Soundtrack: anything by Bulat Okudzawa.
By Robert Chandler
A very good ‘brief’ summary of Pushkin’s life and work, which coming in at 150 pages is not so brief really. It gives quite a detailed account of the major milestones of his life and excellent critical analysis of some of his work. It also manages to link the two (life and work) in a natural way and give some complex opinions on his themes. Definitely more than what you would expect from a brief work. After reading I want to read more Pushkin and also read some analysis of his work as well. Nabokov did some work in this area and I think it would be quite interesting to hear what he had to say. This has effectively given me some context within which to place the works I have read recently. You can only guess as to what would have happened to Pushkin if he hadn’t been killed in the duel. His debts were spiralling out of control and it may be that if he didn’t die in this duel he may have died in another. But it’s all conjecture, Robert Chandler who wrote this biography puts across some convincing evidence that he didn’t have a death wish. However, when a person is under pressure they may take risks or act in erratic manner so,while he may not have wanted to die, if his situation didn’t improve it’s very possible something else would have occurred. At the book’s conclusion you are left with the consciousness of Pushkin’s utter genius and sadness that it was not fully expressed. This, in the same way as Blok or Mayakovsky.
By Alexander Pushkin
This novel is even better than Dubrovsky – possibly because it was finished and also Pushkin had done a lot of research into the areas the novel covers. Prior to The Captains’s Daughter Pushkin had written a history of Pugachev – the rebel leader who takes a central role in the novel. The writing is confident and clear and Pushkin is completely at home in the world he has created.
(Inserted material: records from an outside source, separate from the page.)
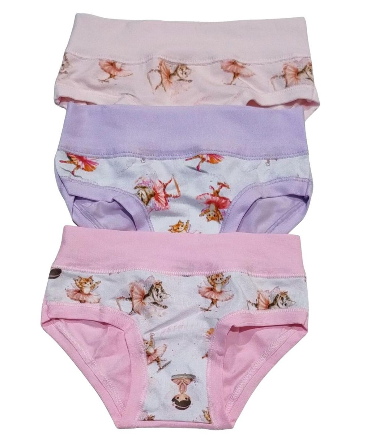Slip boxerini da bambina in morbido cotone elasticizzato fantasia con elastici tubolari.
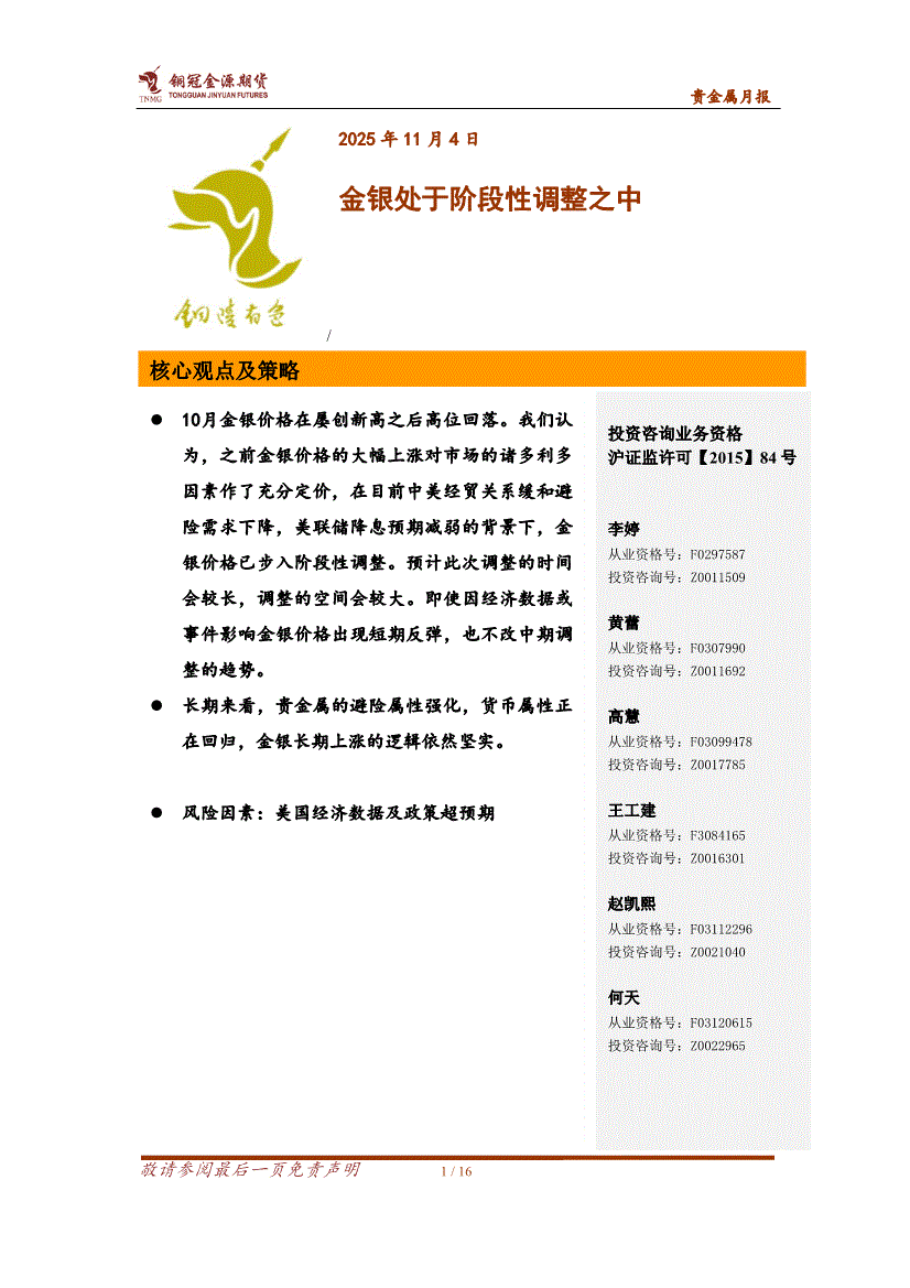 铜冠金源期货-贵金属月报:金银处于阶段性调整之中-251104
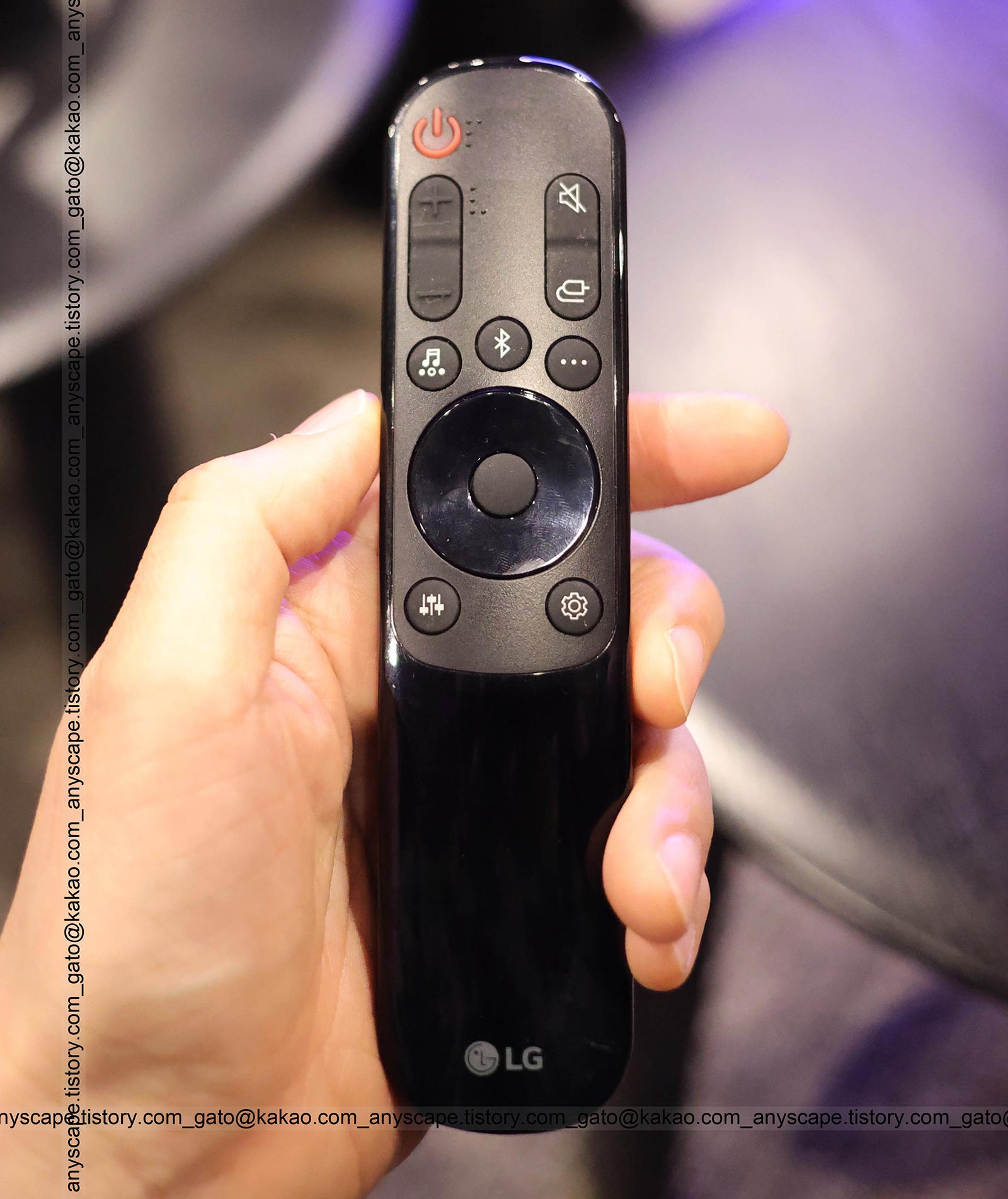 사운드바 리모콘이 별도로 있기는 하지만 스마트 TV 리모콘으로 웬만한 조작은 다 가능하기 때문에 시연회 당시에서도 사운드바 리모콘은 거의 사용하지를 않았습니다.
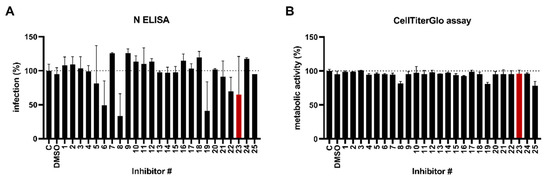 Screening of kinase inhibitors against SARS-CoV-2. (A) Compounds were prediluted in medium and added onto Caco-2 cells (final conc. 1 µM). Afterwards, cells were infected with SARS-CoV-2 Alpha (MOI of 0.0005) and 2 days later, infection was quantified by an in-cell ELISA. Values were corrected for the background signal derived from uninfected cells and untreated controls were set to 100% infection. (B) In parallel, a viability assay was performed under conditions corresponding to the respective infection assay. Metabolic activity of the cells was assessed 2 days later using the CellTiter-Glo® Luminescent Cell Viability Assay. Untreated controls were set to 100% viability. Shown are mean values ± SD from one experiment performed in triplicates. Red bar indicates compound of interest SB431542 (Inhibitor # 23), C: control.

The hero Grinyov has a similar social status to Pushkin (if we are to judge by the number of serfs each have) and both struggle with social events and politics that surround them. Because of this there is an assurance here, which, combined with the subtleties and clarity of Pushkin’s art makes for a fantastic novel. Pushkin seemed to be talented in so many areas, poetry, theatre, history and novel writing. Sadly you feel that he was only just starting to get going when his life was cut short. This novel is not dated at all, highly enjoyable and an excellent entry into Russian literature. All the characters are so interesting and have so many shades – at no time do they become caricatures. Read Pushkin – Nevermind the Tolstoy.
By Alexander Pushkin
What a great novel! Thoroughly enjoyed reading this. As Pushkin was a poet there is slightness of touch throughout and events are hinted at and themes almost coaxed out. You can see this particularly in the short story Egyptian Nights which is almost worth buying the volume for on its own. It’s a pity that Pushkin died so young in a duel, as there would have been many many more amazing stories, novels and poetry. This was written fifty years before Tolstoy’s major works yet it’s Tolstoy that seems stilted and dated. Pushkin doesn’t dabble in certainties, his characters have humanity and ambiguity. Genius.